For gamers you can find dozens of others sites that are better and benchmarking every game already. The interesting stuff here is the technical description that David Kanter gave regarding Cayman (which is 100x more than AMD themselves - the 6900 architecture manual basically is a joke of a manual, just cut'n pasted evergreen manual with some words like 'the' replaced by 'a', not much more) and the raw processing power you can get out of it. They did produce it such that it can have 2 gpu's onto a single card and Fermi cannot have that.
So that 520 euro Radeon 6990 card with 3072 PE's as they are officially called nowadays, we compare with the 448 PE's of the 448 PE equipped Quadro 6000 or Tesla so you want. Not the 512 overclocked gamers cards, which in the first place are lobotomized and in the second place not intended for gpgpu.
>>It's 3072 PE's versus 448 PE's.
>
>Those are unit counts coming from marketting.
>Those are FP ALU counts. How to feed data to those matters.
>
>There are only 384 SPMD lanes per Cayman chip,
>so one chip can execute only 384 VLIW instructions per cycle (if the program counters
>are correctly aligned, if not, the worst case is 24 / chip)
there's 2 chips and you know this very well. You have to compare 48 compute units and 3072 PE's with the 448 ones of nvidia.
>But, those VLIW operations can actually include 5, not 4 operations total. (but
>the one has to be branch, only 4 FP operations).

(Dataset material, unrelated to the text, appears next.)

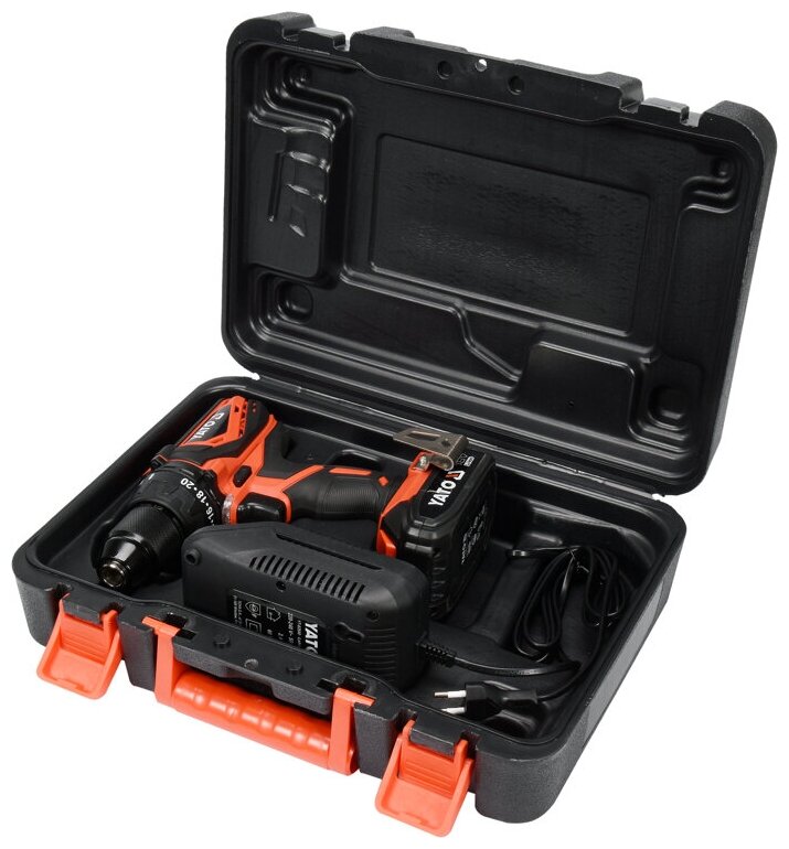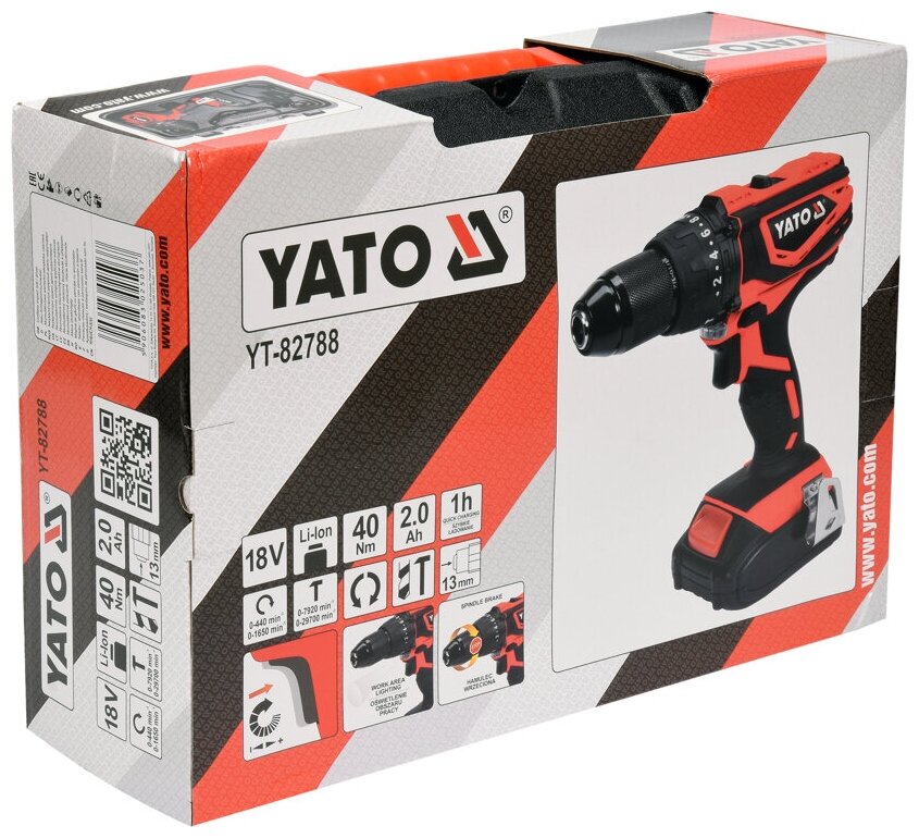 Дрель аккумуляторная 18В, ударная, 40Нм, реверс, подсветка, 2 скорости до 1650 об/мин, патрон до 13мм. В наборе с батареей 2Ач и ЗУ, в чемодане TOYA / YATO YT-82788

>What makes this more complicated is how memory operations are handled.
>If memory operation is being handled, no ALU operations can execute at same time
>on ATI. I'm not sure how this goes on nvidia, might be similar.
Actually, description David gave of how the RAM functions is wrong, but as i'm not a memory expert i'll not comment too much on it. I heard someone call it: "piece of crap description. Sure it can already load it while the alu's work.

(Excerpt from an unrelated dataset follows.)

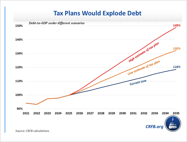 - Explode the national debt, pushing it to 132% of GDP by 2035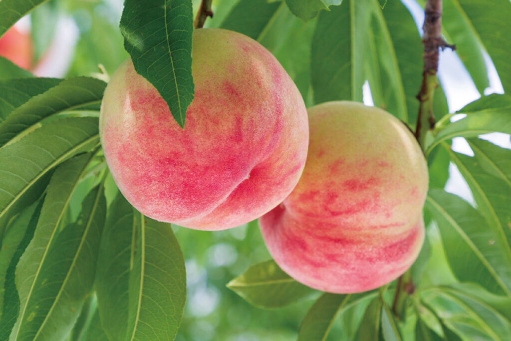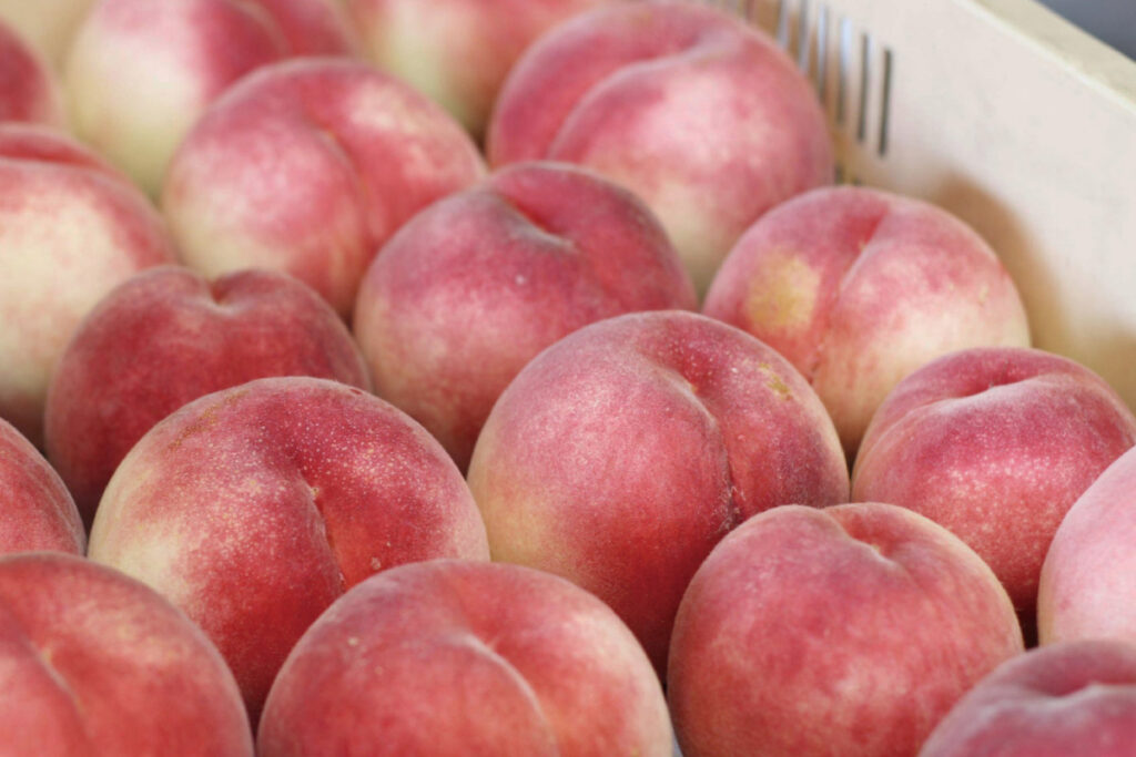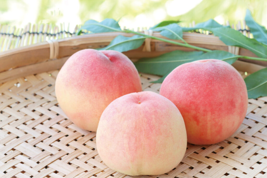 日本には40~50種あると言われます。大きく分けると皮をむいた時の果肉の部分が、白、黄、赤の3色に分かれます。白桃の代表的なものとしては、岡山で生まれた高級品種・清水白桃などが知られ、強い甘みと香りが特徴です。山梨県などで有名な白鳳は柔らかく、ジューシーな果肉が特徴。長野県などで育てられる黄金桃は黄色の果肉で、マンゴーのような香りの高さが特徴となっています。赤い桃には、果肉と皮が赤いもの、皮だけ赤いものの2タイプがあります。

Yet if you want to get a lot of flops out of the gpu's you don't want to use much of a RAM at all; so the prime number code i write here isn't using device RAM at all. Now there is a few buggies still left in opencl (let's not get started about some indians who 'support' the gpu hardware) and their release cycle is a tad slow considering the huge number of bugs they have to fix each time (5970 for example you can only adress 1 of the 2 gpu's with opencl, which is a tad weird for your ex-flagship gpu isn't it?).

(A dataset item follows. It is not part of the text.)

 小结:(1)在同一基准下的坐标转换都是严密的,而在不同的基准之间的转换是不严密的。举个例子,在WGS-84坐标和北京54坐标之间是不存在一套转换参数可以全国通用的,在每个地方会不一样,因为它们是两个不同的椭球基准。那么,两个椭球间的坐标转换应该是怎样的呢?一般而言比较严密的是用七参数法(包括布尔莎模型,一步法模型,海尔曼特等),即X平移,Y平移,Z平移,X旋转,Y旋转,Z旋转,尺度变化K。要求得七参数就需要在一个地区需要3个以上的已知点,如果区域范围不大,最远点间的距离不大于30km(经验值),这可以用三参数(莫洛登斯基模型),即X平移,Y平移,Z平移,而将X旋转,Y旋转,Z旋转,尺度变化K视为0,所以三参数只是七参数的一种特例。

It's not here about which manufacturer is more crappy with support, as in case of nvidia you don't even know which instructions the chip has. there is no public manual describing that, at least from the 4000/5000 series AMD you have that manual from ATI (when AMD took over the middle ages started).
>>What's going to be FASTER in well designed gpgpu codes?
>>
>>0.83Ghz * 3072 PE's is *always* going to annihilate in well designed codes a meager 448 PE's @ 1.2Ghz Tesla.
>
>Did I say they would not? No.
But you try to scave off factor 2 of the performance the cayman delivers, as they come in 2 gpu's at 1 card for 500 and a little euro's.
The gpgpu card of nvidia i don't even see how to order it here, so that means import from USA and pay some import tax (20%) as well as $1200+ something.
So pricewise the 6990 delivers factor 5-10x the performance of the nvidia.
>I just told you are counting your cores incorrectly. And telling you are wrong seems to make me an idiot.
You're comparing in the wrong manner.
You must compare the number of PE's with each other as that's what the effective speed is of both those gpu's that they'll deliver you if you write great code for it.
If your argumentation is: "but my code isn't optimal" that's not relevant in this discussion, see what i wrote.
You start to scave away factor 2 and increase the amount of cores of nvidia, whereas those additional nvidia cores are simply not there in tesla. it has 448 PE's and not a single processing element more.
>But if the code does not have any ILP, only parallelism between work items, then
>3/4 or those ATI ALU's are idling. This practically means badly optimized code.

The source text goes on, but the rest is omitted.